All-Cash Transaction Valued at Approximately $4.3 Billion
LogMeIn, Inc., a leading provider of cloud-based connectivity, announced that it has entered into a definitive agreement (or the “Agreement”) to be acquired in a transaction led by affiliates of Francisco Partners, a leading technology-focused global private equity firm, and including Evergreen Coast Capital Corporation (“Evergreen”), the private equity affiliate of Elliott Management Corporation (“Elliott”), for $86.05 per share in cash. The all-cash transaction values LogMeIn at an aggregate equity valuation of approximately $4.3 billion.
Under the terms of the Agreement, LogMeIn shareholders will receive $86.05 in cash for each share of LogMeIn’s common stock they hold. This consideration represents a premium of approximately 25% to LogMeIn’s unaffected closing stock price on September 18, 2019, the last trading day before a media report was published speculating about a potential sale process. The Board of Directors of LogMeIn approved the Agreement and recommended that shareholders vote in favor of the transaction.
“This transaction acknowledges the significant value of LogMeIn and provides our stockholders with a meaningful and certain cash offer at a compelling premium,” said Bill Wagner, President and Chief Executive Officer of LogMeIn. “Together, Francisco Partners and Evergreen are committed to addressing the unique needs of both our core and growth assets. We believe our partnership with Francisco Partners and Evergreen will help put us in a position to deliver the operational benefits needed to achieve sustained growth over the long term.”
“LogMeIn has a compelling product portfolio and leadership in the Unified Communications and Collaboration, Identity, and Digital Engagement markets,” said Andrew Kowal, Senior Partner at Francisco Partners. “We look forward to working with Bill and the leadership team at LogMeIn to accelerate growth and product investment organically and inorganically.”
“This investment builds on the strength of our infrastructure and security software franchise and we are thrilled to partner with the company to achieve its long-term strategic vision,” added Dipanjan “DJ” Deb, co-founder and CEO of Francisco Partners.
“We have deep appreciation for the LogMeIn franchise and leadership team from our long-term involvement in the business,” said Elliott Partner Jesse Cohn and Portfolio Manager Jason Genrich. “We look forward to partnering with Bill and the entire executive leadership team alongside Francisco Partners on the next phase of growth and value creation for LogMeIn as a private company.”

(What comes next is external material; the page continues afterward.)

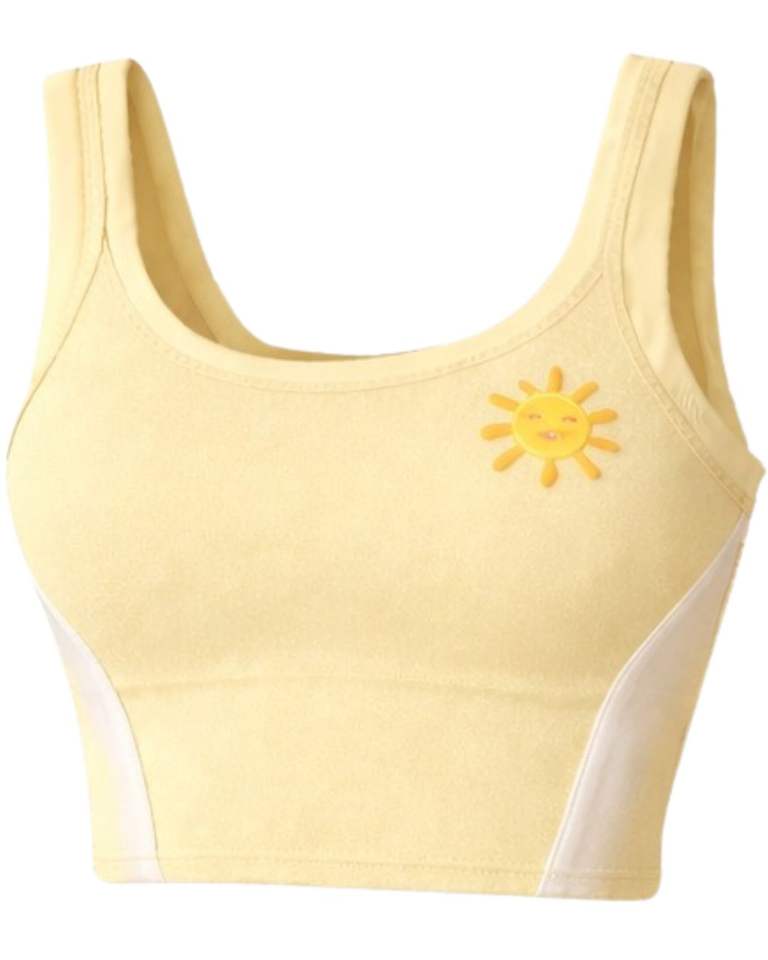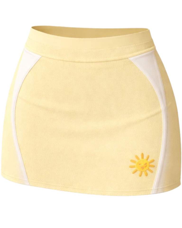 Custom Women Light Yellow Two Piece Crop Top And Mini Skirt Set Sleeveless Scoop Neck Sun Patch High Waist Bodycon Summer Wear

Christine Wang, Principal at Francisco Partners also commented, “We are excited to invest in LogMeIn and support its mission to deliver best-in-class software solutions to the modern workforce.”
The transaction is expected to close in mid-2020, subject to customary closing conditions, including the receipt of stockholder and regulatory approvals.
The definitive agreement for the transaction includes a customary 45-day “go-shop” period which permits LogMeIn and its advisors to actively solicit alternative acquisition proposals, and potentially enter negotiations with other parties that make alternative acquisition proposals. LogMeIn will have the right to terminate the definitive agreement to accept a superior proposal subject to the terms and conditions of the definitive agreement. There can be no assurance that this process will result in a superior proposal, and LogMeIn does not intend to disclose developments with respect to the solicitation process unless and until its Board of Directors makes a determination requiring further disclosure.
Qatalyst Partners and J.P. Morgan Securities LLC are acting as financial advisors to LogMeIn, and Latham & Watkins LLP is serving as the company’s legal advisor.
Mizuho Bank, Ltd. is acting as lead financial advisor and Barclays, Deutsche Bank Securities, Jefferies LLC, and RBC Capital Markets are acting as co-financial advisors to Francisco Partners and Evergreen with Paul Hastings LLP, Kirkland & Ellis LLP, and Gibson, Dunn & Crutcher LLP serving as legal advisors. Barclays, RBC Capital Markets, Deutsche Bank Securities, Jefferies Finance LLC, and Mizuho Bank, Ltd. have provided committed debt financing for the transaction.